Effect of Vegetation Matrix on Animal Dispersal: Genetic Evidence from a Study of Endangered Skinks

Abstract

Abstract: Maintaining connectivity in fragmented landscapes is a key principle of biological conservation. Although corridors are a widely accepted approach to connecting populations, their merits are still debated, and they may be impractical in many situations. A focus on management of the vegetation matrix between populations has been advocated as an alternative way to deal with habitat fragmentation and has theoretical support. We combined microsatellite DNA and demographic data to provide an empirical account of how two forms of agricultural land use affect the connectivity of insular populations of an endangered skink in southern New Zealand. The grand skink (Oligosoma grande) lives in small populations (approximately 20 individuals) on rock outcrops separated from one another by 50–150 m of inhospitable matrix vegetation (either native tussock grassland or exotic pasture). Skinks typically dispersed short distances, and the nature of the matrix both quantitatively and qualitatively affected dispersal dynamics. Skink populations in pasture were significantly more genetically structured and had less genetic variation than similar populations in tussock, implying less dispersal between populations in pasture than tussock.

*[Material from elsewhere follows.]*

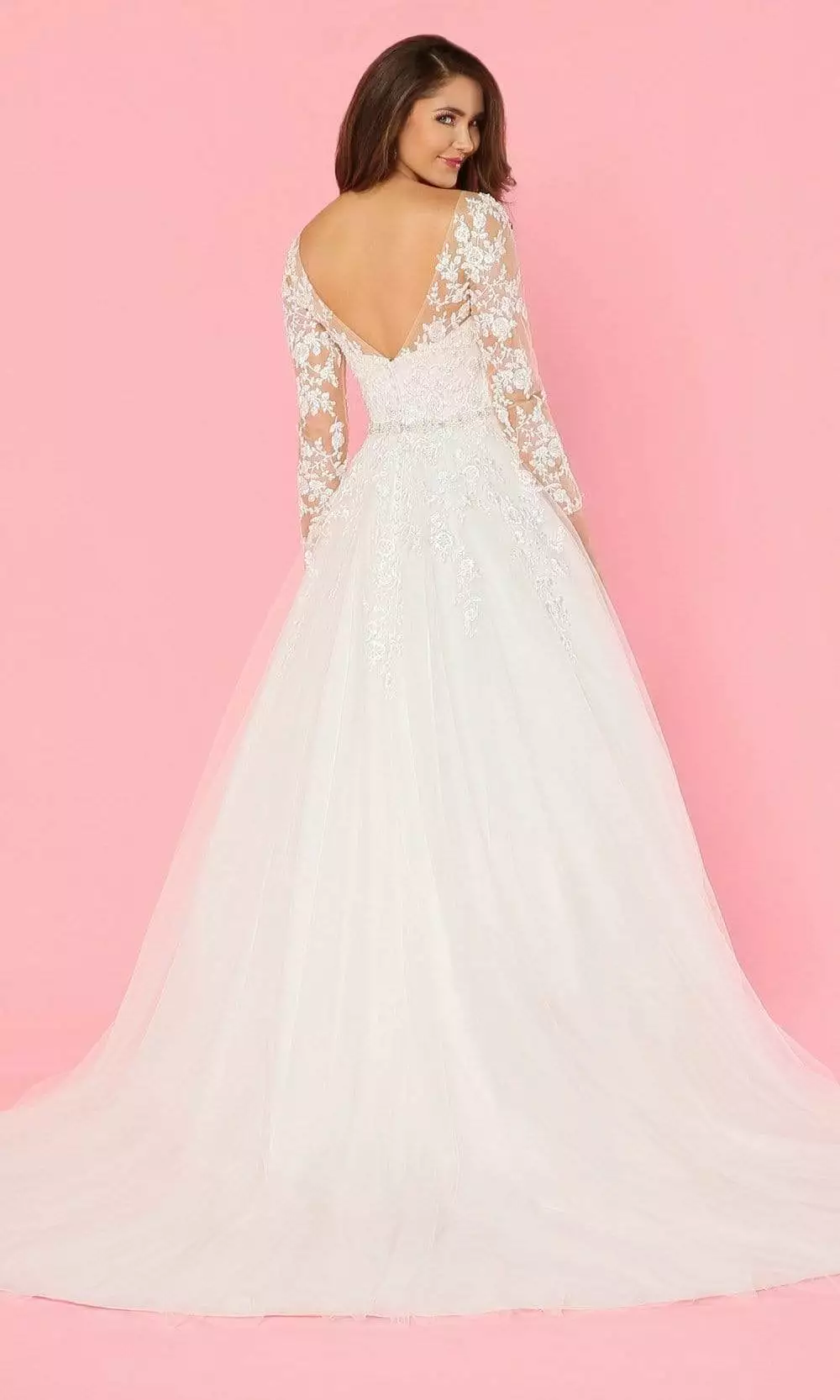 Be the loveliest bride with this classy Da Vinci Bridal 50470 Wedding Dress. Luxurious Tulle with embroidered lace applique bridal dress featured with an illusion neckline and long sleeves that brilliantly frame the sweetheart shaped fitted bodice. The back shows off a sheer V shaped secured at the center with zipper closure. The dress is formed with natural waistline accented with sparkling beaded band while the skirt fabulously opens up in elegant ballgown silhouette and ends in chapel train. This Da Vinci Bridal Bridal gown is perfect for the bride with a classic sense of style. Model is wearing Ivory/Ivory color.

Furthermore, although female‐biased dispersal was a feature of populations in tussock, no sex bias was evident in pasture. In addition, Bayesian individual‐based genetic assignment tests that incorporated prior mark‐recapture information revealed that some populations produced many emigrants but received few immigrants, whereas other populations were relatively insular. Patterns of dispersal and response to matrix vegetation were complex, and the causes of these patterns deserve attention in future studies of habitat fragmentation. Managing the vegetation matrix may be a practical way to connect animal populations in some situations.